## Task brief
Using the listing below, set down exactly the lines from the one that contains "Gingham Wide Leg" through the one that contains "Водостойкие часы Rolex", with no pictures.

## Records provided
*** Begin section ***
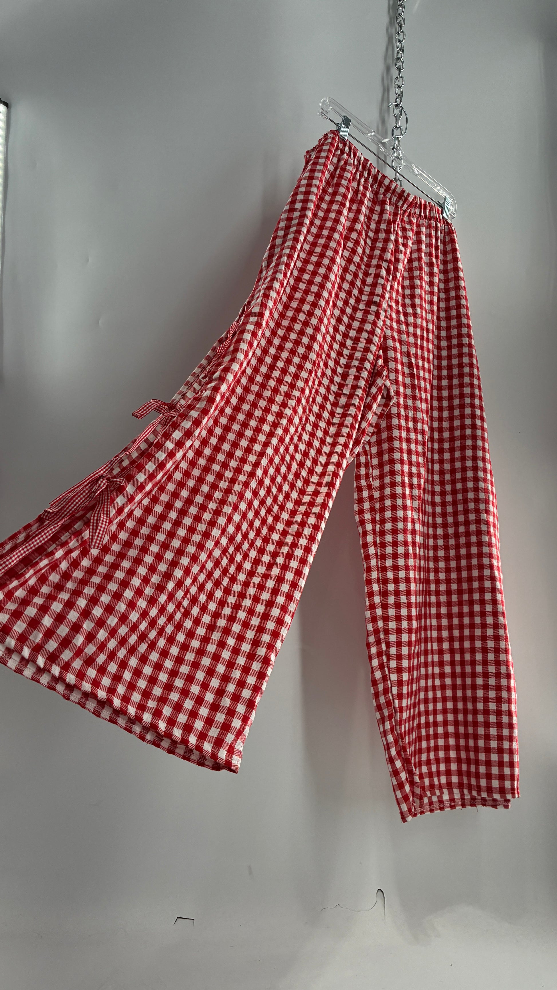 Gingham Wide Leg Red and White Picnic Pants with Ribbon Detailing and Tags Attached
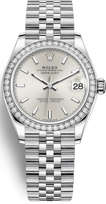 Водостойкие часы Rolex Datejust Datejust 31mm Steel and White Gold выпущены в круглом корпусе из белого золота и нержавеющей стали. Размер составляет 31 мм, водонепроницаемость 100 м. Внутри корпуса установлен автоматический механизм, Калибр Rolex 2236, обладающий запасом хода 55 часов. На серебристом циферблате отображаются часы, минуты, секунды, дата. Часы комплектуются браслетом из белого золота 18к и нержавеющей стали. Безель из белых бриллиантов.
*** End section ***
*** Begin section ***
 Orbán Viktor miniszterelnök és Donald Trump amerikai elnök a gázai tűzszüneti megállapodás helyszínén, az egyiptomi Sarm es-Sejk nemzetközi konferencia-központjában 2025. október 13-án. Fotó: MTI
*** End section ***
## Exercise response
 Gingham Wide Leg Red and White Picnic Pants with Ribbon Detailing and Tags Attached
 Водостойкие часы Rolex Datejust Datejust 31mm Steel and White Gold выпущены в круглом корпусе из белого золота и нержавеющей стали. Размер составляет 31 мм, водонепроницаемость 100 м. Внутри корпуса установлен автоматический механизм, Калибр Rolex 2236, обладающий запасом хода 55 часов. На серебристом циферблате отображаются часы, минуты, секунды, дата. Часы комплектуются браслетом из белого золота 18к и нержавеющей стали. Безель из белых бриллиантов.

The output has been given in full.